• **WHAT TO WORK ON**
Output all entries verbatim, dropping pictures.

• **TASK INPUTS**
*** Block opens ***

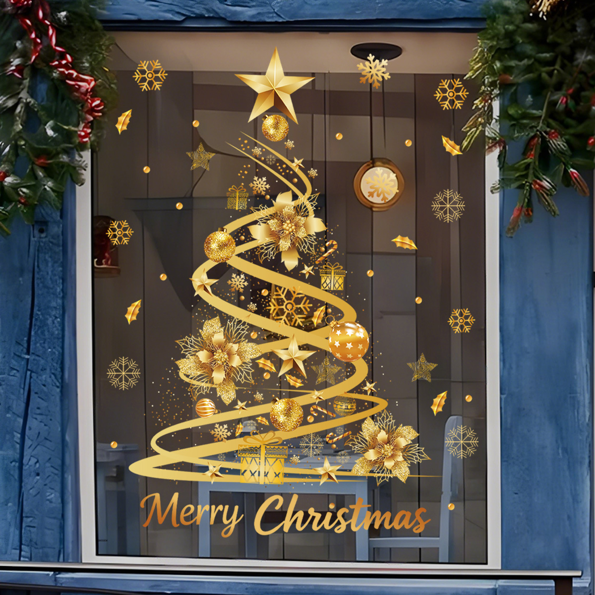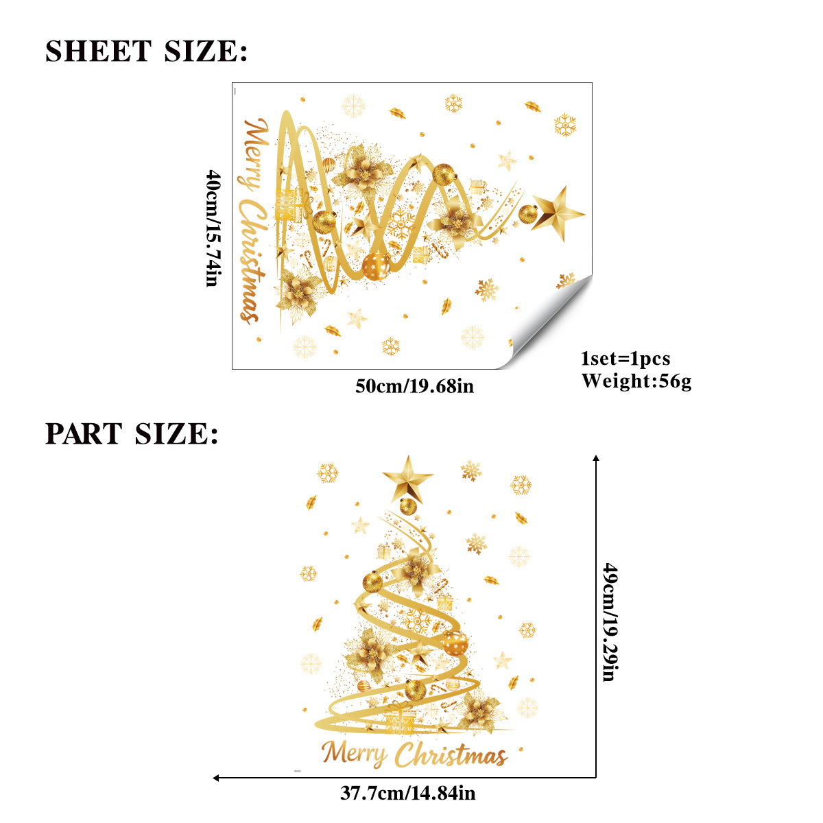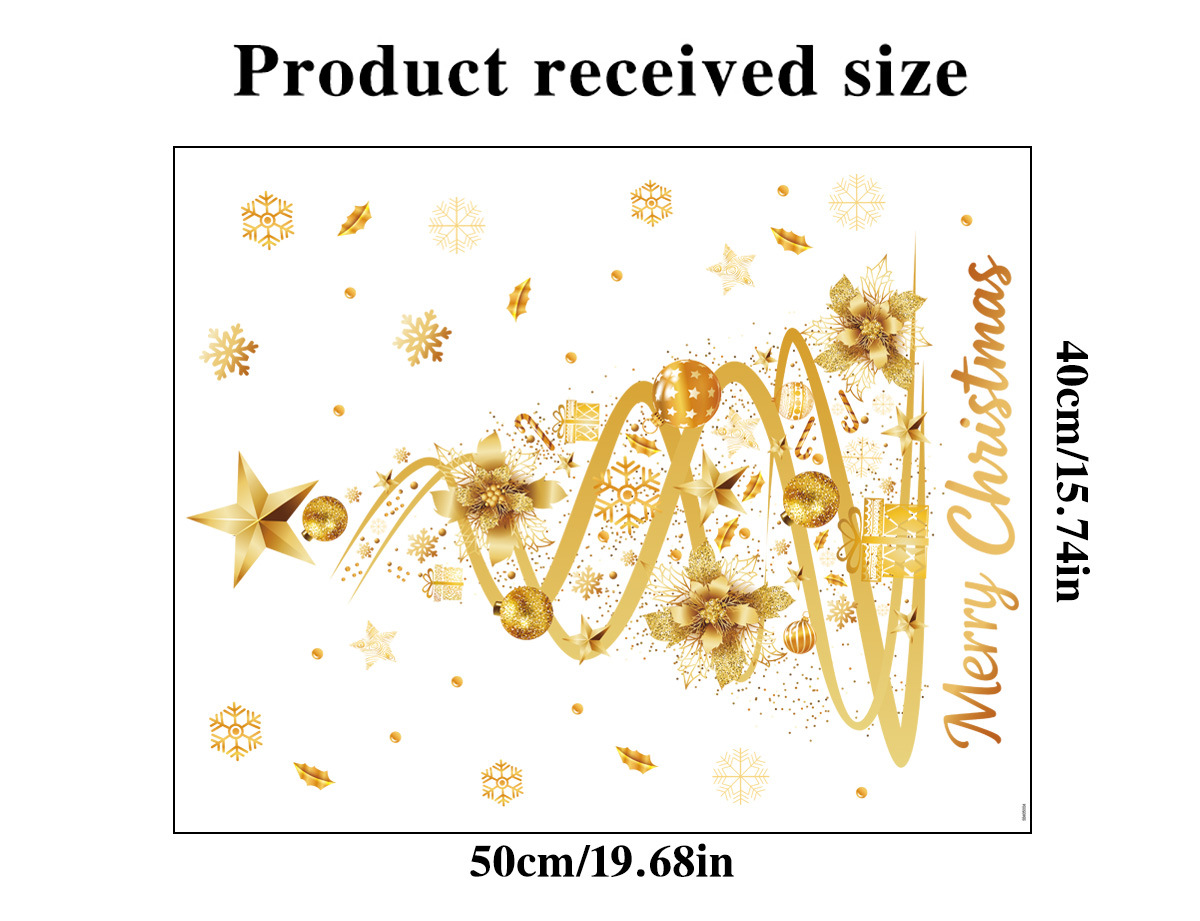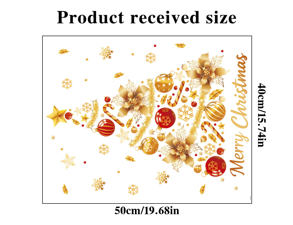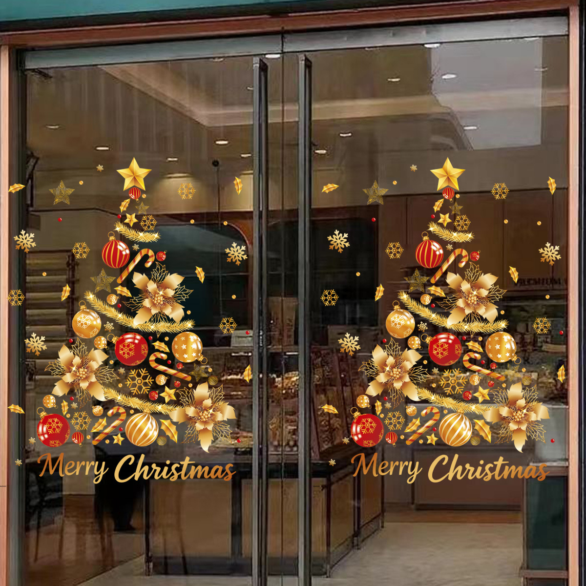 2026金色圣诞树圣诞礼物静电玻璃窗贴圣诞节日玻璃推拉门装饰窗贴
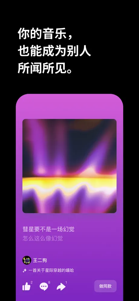 - 图片成曲:用户随时随地上传图片,AI 根据图片内容生成与之匹配的歌曲,为用户的瞬间配乐。
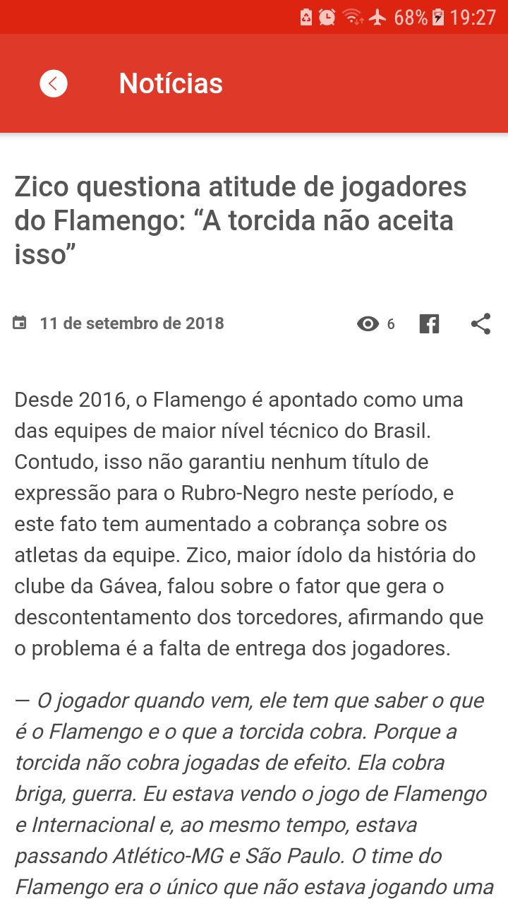 Com o APP: Flamengo TV - Notícias você terá todas as notícias do flamengo, qual a sua colocação no Brasileirão, as escalações nos jogos, melhores momentos de cada jogo e acompanhar os jogos em tempo real.
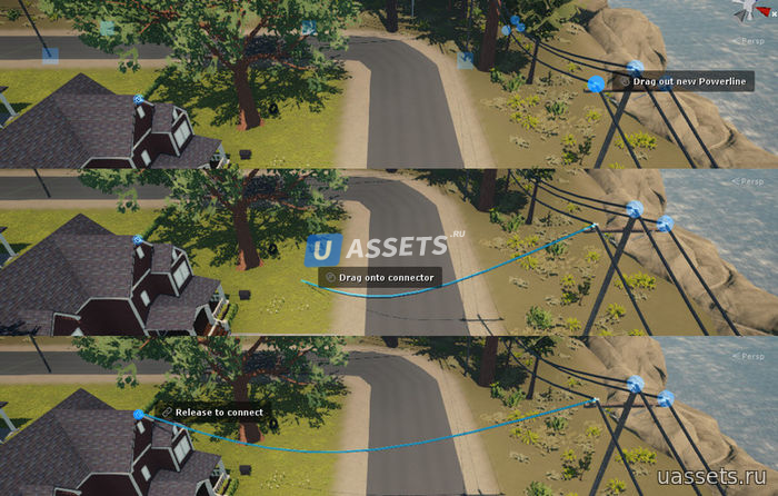 Инструмент редактирования для создания подвесных электрических или телефонных проводов за считанные секунды. Построен на основе интуитивно понятного редактора просмотра сцен щелчком мыши и перетаскиванием.
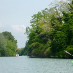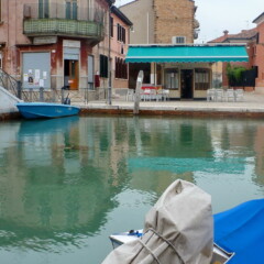 Le franchissement du chenal avec son trafic et son clapot désordonné est toujours un instant sportif et un peu tendu, mais tout le monde s’en sort très bien ! Nous goûtons à nouveau au calme des canaux. Ici, ruelles et voies d’eau sont plus larges et les maisons plus basses qu’à Venise.
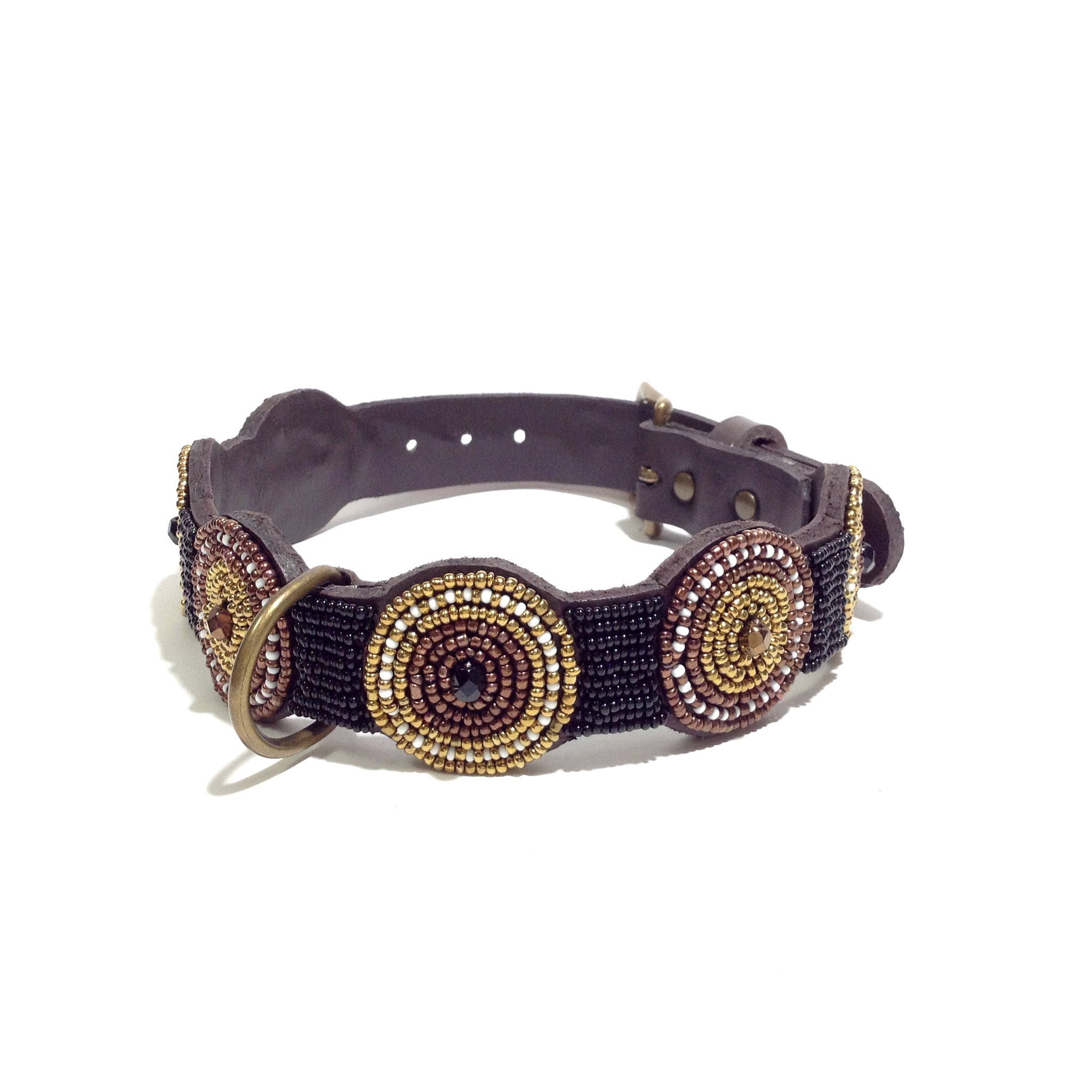 collare in cuoio ricamato a mano con perline di vetro e cristalli
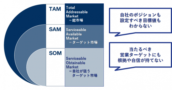 営業戦略を立案するうえで、SWOT分析や3C分析を用いて“市場を把握”し、STP(セグメンテーション・ターゲティング・ポジショニング)を明確にして“市場のどこを攻めるのか”を明確にし、4P(Product:製品、Price:価格、Place:流通、Promotion:販売促進)の観点から具体的な施策を検討する流れが一般的です。この考え方は理解しているものの、BtoB企業のマーケティングや営業推進部門の方と意見交換をするなかで、どのように市場を定義するかというTAM・SAM・SOM(※)を明確にすることができないことが悩みであるという声を多く聞きます。TAMとは「獲得可能性のある市場全体」、SAMは「TAMの中でターゲティングした自社がサービス提供可能な市場」、SOMは「自社が獲得できる市場」を意味します(図1)。既に取引がある企業やアプローチ済みの企業は当然把握できますが、それ以外でターゲットとなりうる企業がどれくらいあるのか、シェアがどれくらいであるかがわからず、根拠のない営業戦略となってしまうケースがあると聞きます。
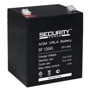 Аккумулятор Security Force SF 12045 реализован в технологии AGM: состоит из свинцовых электродов и микропористых стекловолоконных сепараторов с абсорбированным электролитом. Оборудован предохранительным клапаном для автоматического сброса давления от газов, невозвращенных в электролит. Доливать дистиллят не нужно благодаря рекомбинации газа до 99 %. Преимущества конструкции: исключение утечки кислоты и взрыва, сниженная скорость коррозии электродов, высокая стойкость при работе в условиях вибрации.
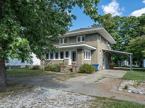 Charming and historic 2 story home in a quiet town. The house features a spacious living room with hardwood floors and large kitchen on the main floor. There is also an enclosed porch. Upstairs is 2-3 bedrooms with hardwood floors and a bathroom. The basement is a full-sized, unfinished basement that is perfect for storage. The back yard is very large as well. Recent updates include a 4 year old roof, 1 year old furnace, new incoming water lines for the main floor and newer wiring with 200 amp service. There is also a carport next to the house.
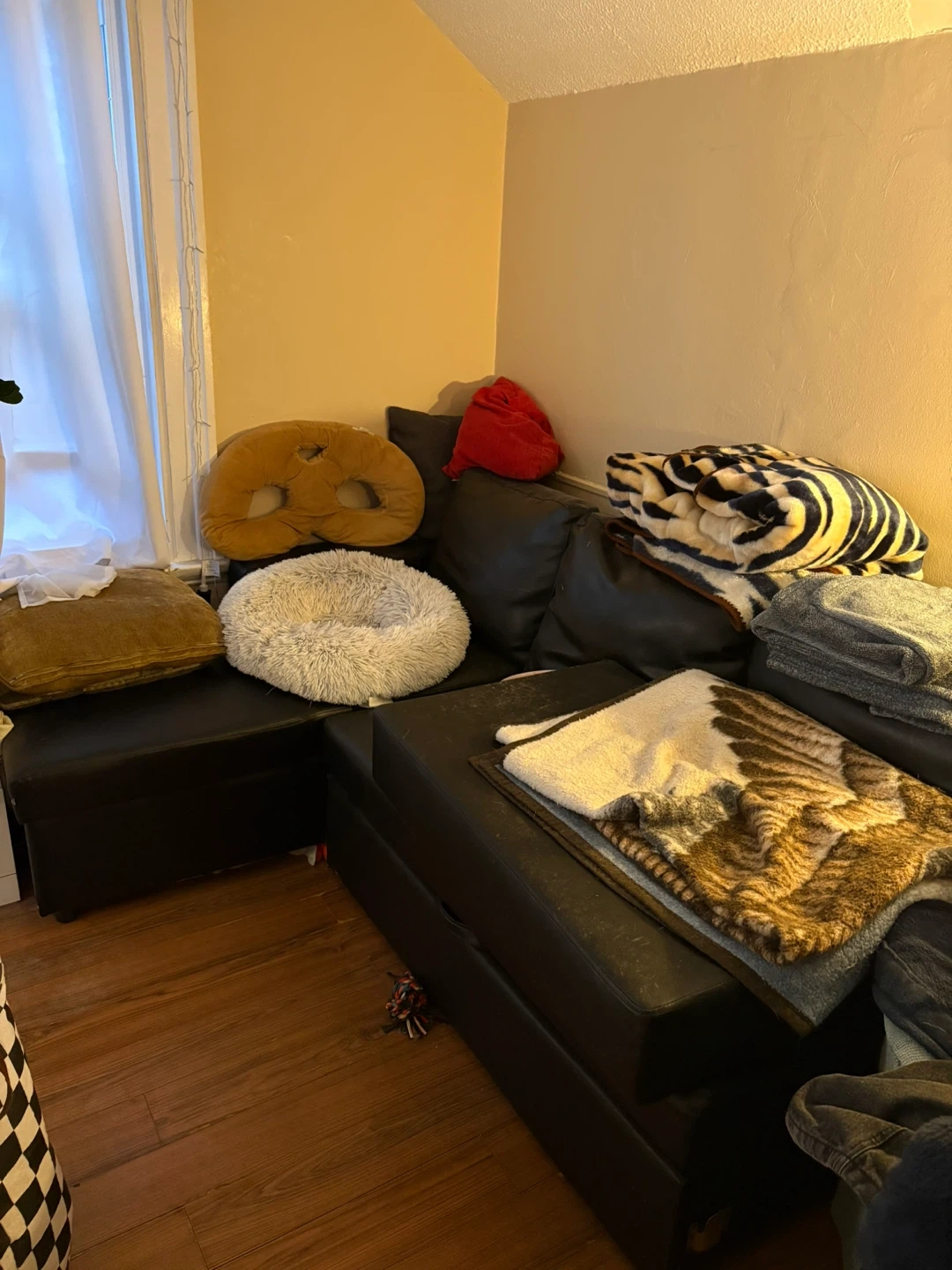 Selling a sectional couch it has some wear a tare as my dogs used it to sleep. The pieces don’t connect but are fine when pushed together. One side has storage and other can pull out into a small bed, which has barely been used. Free for anyone who can pick it up.
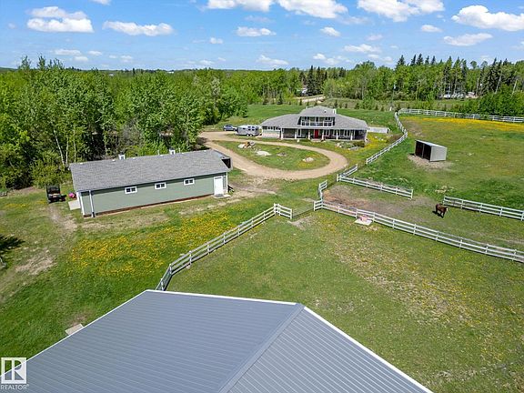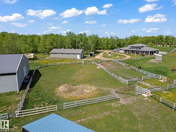 Discover serene country living in rural Strathcona County with this beautiful custom-built 1- 1/2 storey home. Spanning a massive 2,756 sq ft, this home features 3 large bedrooms, 2.5 baths, and sits on a sprawling 40-acre estate with rolling hills and scenic trails. Ideal for equestrian enthusiasts, the property includes a 152' x 70' indoor riding arena, a heated 30' x 60' barn with 6 stalls, and fully fenced ranch areas with 2 large pastures and paddocks. This estate blends luxury indoor living with an expansive outdoor haven, perfect for those seeking tranquility or a vibrant outdoor lifestyle. A rare opportunity to own a piece of paradise in a coveted area.

*** Block closes ***

• **RESULT**
 2026金色圣诞树圣诞礼物静电玻璃窗贴圣诞节日玻璃推拉门装饰窗贴
 - 图片成曲:用户随时随地上传图片,AI 根据图片内容生成与之匹配的歌曲,为用户的瞬间配乐。
 Com o APP: Flamengo TV - Notícias você terá todas as notícias do flamengo, qual a sua colocação no Brasileirão, as escalações nos jogos, melhores momentos de cada jogo e acompanhar os jogos em tempo real.
 Инструмент редактирования для создания подвесных электрических или телефонных проводов за считанные секунды. Построен на основе интуитивно понятного редактора просмотра сцен щелчком мыши и перетаскиванием.
 Le franchissement du chenal avec son trafic et son clapot désordonné est toujours un instant sportif et un peu tendu, mais tout le monde s’en sort très bien ! Nous goûtons à nouveau au calme des canaux. Ici, ruelles et voies d’eau sont plus larges et les maisons plus basses qu’à Venise.
 collare in cuoio ricamato a mano con perline di vetro e cristalli
 営業戦略を立案するうえで、SWOT分析や3C分析を用いて“市場を把握”し、STP(セグメンテーション・ターゲティング・ポジショニング)を明確にして“市場のどこを攻めるのか”を明確にし、4P(Product:製品、Price:価格、Place:流通、Promotion:販売促進)の観点から具体的な施策を検討する流れが一般的です。この考え方は理解しているものの、BtoB企業のマーケティングや営業推進部門の方と意見交換をするなかで、どのように市場を定義するかというTAM・SAM・SOM(※)を明確にすることができないことが悩みであるという声を多く聞きます。TAMとは「獲得可能性のある市場全体」、SAMは「TAMの中でターゲティングした自社がサービス提供可能な市場」、SOMは「自社が獲得できる市場」を意味します(図1)。既に取引がある企業やアプローチ済みの企業は当然把握できますが、それ以外でターゲットとなりうる企業がどれくらいあるのか、シェアがどれくらいであるかがわからず、根拠のない営業戦略となってしまうケースがあると聞きます。
 Аккумулятор Security Force SF 12045 реализован в технологии AGM: состоит из свинцовых электродов и микропористых стекловолоконных сепараторов с абсорбированным электролитом. Оборудован предохранительным клапаном для автоматического сброса давления от газов, невозвращенных в электролит. Доливать дистиллят не нужно благодаря рекомбинации газа до 99 %. Преимущества конструкции: исключение утечки кислоты и взрыва, сниженная скорость коррозии электродов, высокая стойкость при работе в условиях вибрации.
 Charming and historic 2 story home in a quiet town. The house features a spacious living room with hardwood floors and large kitchen on the main floor. There is also an enclosed porch. Upstairs is 2-3 bedrooms with hardwood floors and a bathroom. The basement is a full-sized, unfinished basement that is perfect for storage. The back yard is very large as well. Recent updates include a 4 year old roof, 1 year old furnace, new incoming water lines for the main floor and newer wiring with 200 amp service. There is also a carport next to the house.
 Selling a sectional couch it has some wear a tare as my dogs used it to sleep. The pieces don’t connect but are fine when pushed together. One side has storage and other can pull out into a small bed, which has barely been used. Free for anyone who can pick it up.
 Discover serene country living in rural Strathcona County with this beautiful custom-built 1- 1/2 storey home. Spanning a massive 2,756 sq ft, this home features 3 large bedrooms, 2.5 baths, and sits on a sprawling 40-acre estate with rolling hills and scenic trails. Ideal for equestrian enthusiasts, the property includes a 152' x 70' indoor riding arena, a heated 30' x 60' barn with 6 stalls, and fully fenced ranch areas with 2 large pastures and paddocks. This estate blends luxury indoor living with an expansive outdoor haven, perfect for those seeking tranquility or a vibrant outdoor lifestyle. A rare opportunity to own a piece of paradise in a coveted area.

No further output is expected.